Task brief
Every word in the data below belongs in your copy, exactly as given; the pictures do not.

Given information
━━━━━━━━━━━━━━━━━━━━━━━━━━━━━━
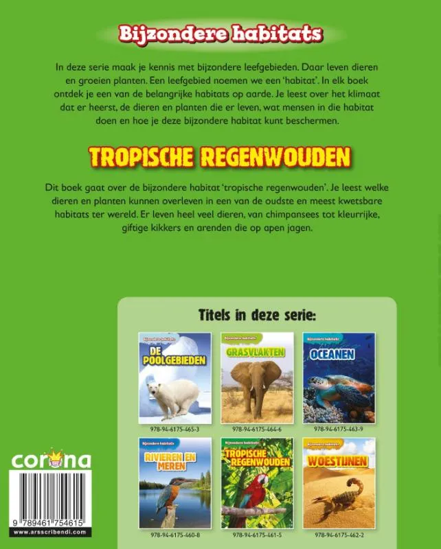 Dit boek gaat over de bijzondere habitat ’tropische regenwouden’. Je leest welke dieren en planten kunnen overleven in een van de oudste en meest kwetsbare habitats ter wereld. Er leven heel veel dieren, van chimpansees tot kleurrijke, giftige kikkers en arenden die op apen jagen.
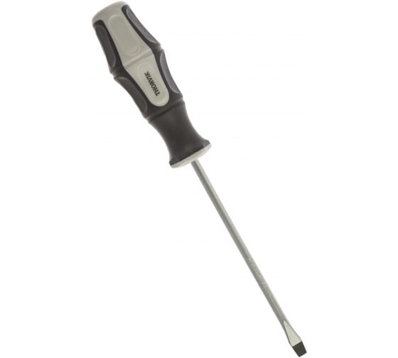 Шлицевая отвертка THORVIK SDL5125 SL5х125 мм 52136 состоит из стержня и двухкомпонентной рукоятки. Ручной инструмент предназначен для обслуживания крепежа с прямым шлицем. Рабочая часть выполнена из хромованадиевой стали и обладает намагниченным наконечником.
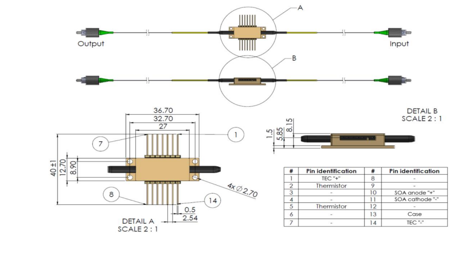 SOA0780016PM40DBLXXX -> 增益Max. 为 780nm 时增益为 40dB,增益带宽为 16nm,PM-980 光纤,带松套管
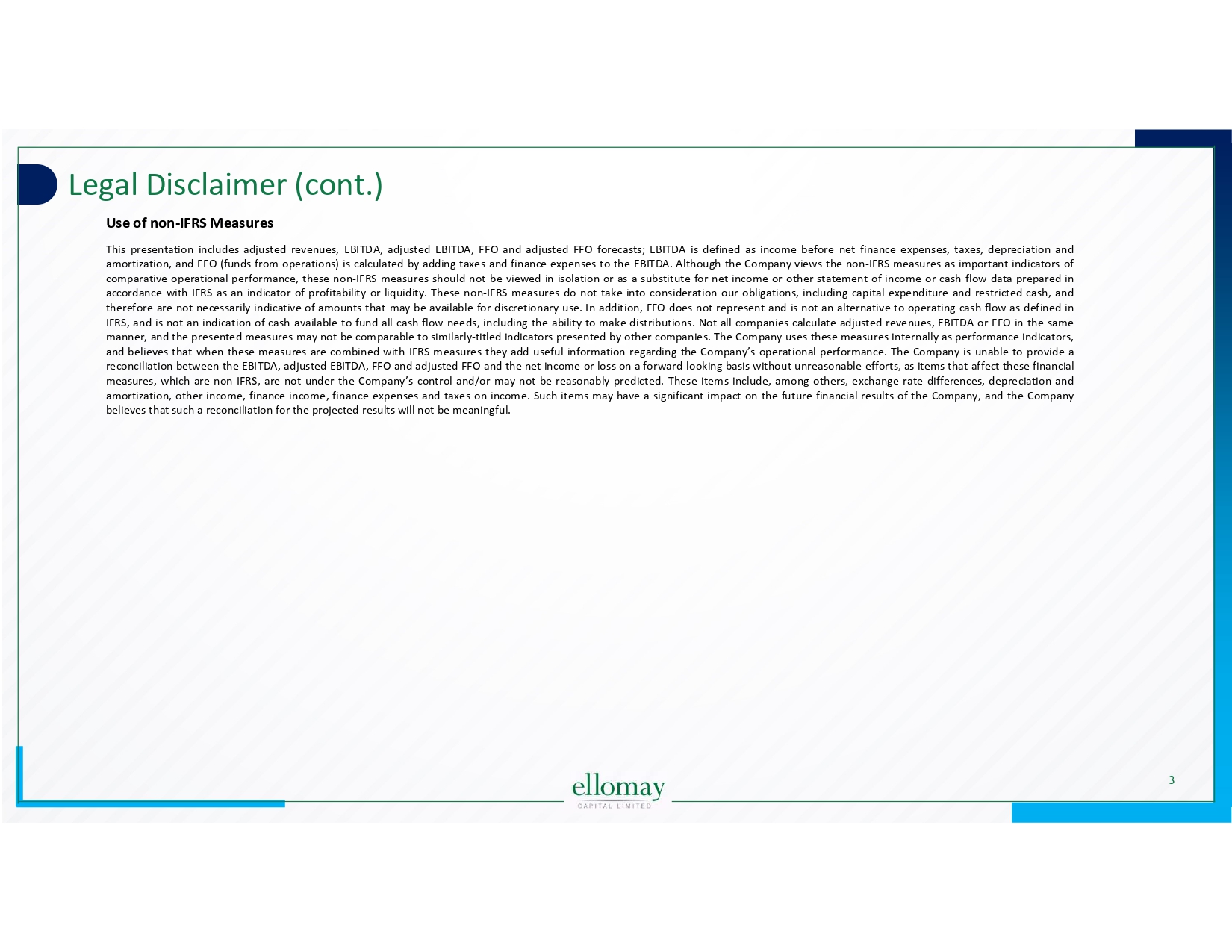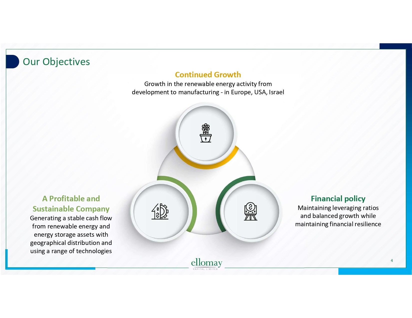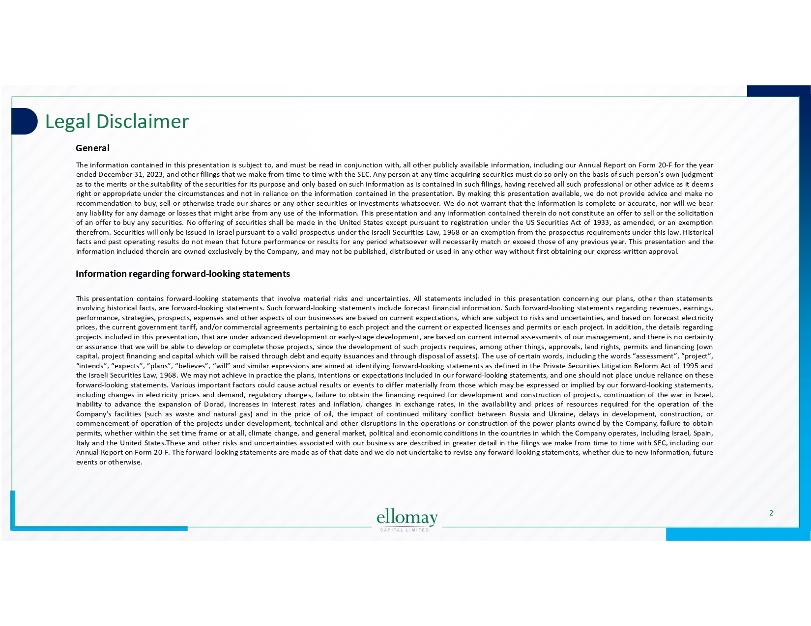 Legal Disclaimer 2 General The information contained in this presentation is subject to, and must be read in conjunction with, all other publicly available information, including our Annual Report on Form 20 - F for the year ended December 31 , 2023 , and other filings that we make from time to time with the SEC . Any person at any time acquiring securities must do so only on the basis of such person’s own judgment as to the merits or the suitability of the securities for its purpose and only based on such information as is contained in such filings, having received all such professional or other advice as it deems right or appropriate under the circumstances and not in reliance on the information contained in the presentation . By making this presentation available, we do not provide advice and make no recommendation to buy, sell or otherwise trade our shares or any other securities or investments whatsoever . We do not warrant that the information is complete or accurate, nor will we bear any liability for any damage or losses that might arise from any use of the information . This presentation and any information contained therein do not constitute an offer to sell or the solicitation of an offer to buy any securities . No offering of securities shall be made in the United States except pursuant to registration under the US Securities Act of 1933 , as amended, or an exemption therefrom . Securities will only be issued in Israel pursuant to a valid prospectus under the Israeli Securities Law, 1968 or an exemption from the prospectus requirements under this law . Historical facts and past operating results do not mean that future performance or results for any period whatsoever will necessarily match or exceed those of any previous year . This presentation and the information included therein are owned exclusively by the Company, and may not be published, distributed or used in any other way without first obtaining our express written approval . Information regarding forward - looking statements This presentation contains forward - looking statements that involve material risks and uncertainties . All statements included in this presentation concerning our plans, other than statements involving historical facts, are forward - looking statements . Such forward - looking statements include forecast financial information . Such forward - looking statements regarding revenues, earnings, performance, strategies, prospects, expenses and other aspects of our businesses are based on current expectations, which are subject to risks and uncertainties, and based on forecast electricity prices, the current government tariff, and/or commercial agreements pertaining to each project and the current or expected licenses and permits or each project . In addition, the details regarding projects included in this presentation, that are under advanced development or early - stage development, are based on current internal assessments of our management, and there is no certainty or assurance that we will be able to develop or complete those projects, since the development of such projects requires, among other things, approvals, land rights, permits and financing (own capital, project financing and capital which will be raised through debt and equity issuances and through disposal of assets) . The use of certain words, including the words “assessment”, “project”, “intends”, “expects”, ”plans”, “believes”, “will” and similar expressions are aimed at identifying forward - looking statements as defined in the Private Securities Litigation Reform Act of 1995 and the Israeli Securities Law, 1968 . We may not achieve in practice the plans, intentions or expectations included in our forward - looking statements, and one should not place undue reliance on these forward - looking statements . Various important factors could cause actual results or events to differ materially from those which may be expressed or implied by our forward - looking statements, including changes in electricity prices and demand, regulatory changes, failure to obtain the financing required for development and construction of projects, continuation of the war in Israel, inability to advance the expansion of Dorad, increases in interest rates and inflation, changes in exchange rates, in the availability and prices of resources required for the operation of the Company’s facilities (such as waste and natural gas) and in the price of oil, the impact of continued military conflict between Russia and Ukraine, delays in development, construction, or commencement of operation of the projects under development, technical and other disruptions in the operations or construction of the power plants owned by the Company, failure to obtain permits, whether within the set time frame or at all, climate change, and general market, political and economic conditions in the countries in which the Company operates, including Israel, Spain, Italy and the United States . These and other risks and uncertainties associated with our business are described in greater detail in the filings we make from time to time with SEC, including our Annual Report on Form 20 - F . The forward - looking statements are made as of that date and we do not undertake to revise any forward - looking statements, whether due to new information, future events or otherwise .
━━━━━━━━━━━━━━━━━━━━━━━━━━━━━━
Completed exercise
 Dit boek gaat over de bijzondere habitat ’tropische regenwouden’. Je leest welke dieren en planten kunnen overleven in een van de oudste en meest kwetsbare habitats ter wereld. Er leven heel veel dieren, van chimpansees tot kleurrijke, giftige kikkers en arenden die op apen jagen.
 Шлицевая отвертка THORVIK SDL5125 SL5х125 мм 52136 состоит из стержня и двухкомпонентной рукоятки. Ручной инструмент предназначен для обслуживания крепежа с прямым шлицем. Рабочая часть выполнена из хромованадиевой стали и обладает намагниченным наконечником.
 SOA0780016PM40DBLXXX -> 增益Max. 为 780nm 时增益为 40dB,增益带宽为 16nm,PM-980 光纤,带松套管
 Legal Disclaimer 2 General The information contained in this presentation is subject to, and must be read in conjunction with, all other publicly available information, including our Annual Report on Form 20 - F for the year ended December 31 , 2023 , and other filings that we make from time to time with the SEC . Any person at any time acquiring securities must do so only on the basis of such person’s own judgment as to the merits or the suitability of the securities for its purpose and only based on such information as is contained in such filings, having received all such professional or other advice as it deems right or appropriate under the circumstances and not in reliance on the information contained in the presentation . By making this presentation available, we do not provide advice and make no recommendation to buy, sell or otherwise trade our shares or any other securities or investments whatsoever . We do not warrant that the information is complete or accurate, nor will we bear any liability for any damage or losses that might arise from any use of the information . This presentation and any information contained therein do not constitute an offer to sell or the solicitation of an offer to buy any securities . No offering of securities shall be made in the United States except pursuant to registration under the US Securities Act of 1933 , as amended, or an exemption therefrom . Securities will only be issued in Israel pursuant to a valid prospectus under the Israeli Securities Law, 1968 or an exemption from the prospectus requirements under this law . Historical facts and past operating results do not mean that future performance or results for any period whatsoever will necessarily match or exceed those of any previous year . This presentation and the information included therein are owned exclusively by the Company, and may not be published, distributed or used in any other way without first obtaining our express written approval . Information regarding forward - looking statements This presentation contains forward - looking statements that involve material risks and uncertainties . All statements included in this presentation concerning our plans, other than statements involving historical facts, are forward - looking statements . Such forward - looking statements include forecast financial information . Such forward - looking statements regarding revenues, earnings, performance, strategies, prospects, expenses and other aspects of our businesses are based on current expectations, which are subject to risks and uncertainties, and based on forecast electricity prices, the current government tariff, and/or commercial agreements pertaining to each project and the current or expected licenses and permits or each project . In addition, the details regarding projects included in this presentation, that are under advanced development or early - stage development, are based on current internal assessments of our management, and there is no certainty or assurance that we will be able to develop or complete those projects, since the development of such projects requires, among other things, approvals, land rights, permits and financing (own capital, project financing and capital which will be raised through debt and equity issuances and through disposal of assets) . The use of certain words, including the words “assessment”, “project”, “intends”, “expects”, ”plans”, “believes”, “will” and similar expressions are aimed at identifying forward - looking statements as defined in the Private Securities Litigation Reform Act of 1995 and the Israeli Securities Law, 1968 . We may not achieve in practice the plans, intentions or expectations included in our forward - looking statements, and one should not place undue reliance on these forward - looking statements . Various important factors could cause actual results or events to differ materially from those which may be expressed or implied by our forward - looking statements, including changes in electricity prices and demand, regulatory changes, failure to obtain the financing required for development and construction of projects, continuation of the war in Israel, inability to advance the expansion of Dorad, increases in interest rates and inflation, changes in exchange rates, in the availability and prices of resources required for the operation of the Company’s facilities (such as waste and natural gas) and in the price of oil, the impact of continued military conflict between Russia and Ukraine, delays in development, construction, or commencement of operation of the projects under development, technical and other disruptions in the operations or construction of the power plants owned by the Company, failure to obtain permits, whether within the set time frame or at all, climate change, and general market, political and economic conditions in the countries in which the Company operates, including Israel, Spain, Italy and the United States . These and other risks and uncertainties associated with our business are described in greater detail in the filings we make from time to time with SEC, including our Annual Report on Form 20 - F . The forward - looking statements are made as of that date and we do not undertake to revise any forward - looking statements, whether due to new information, future events or otherwise .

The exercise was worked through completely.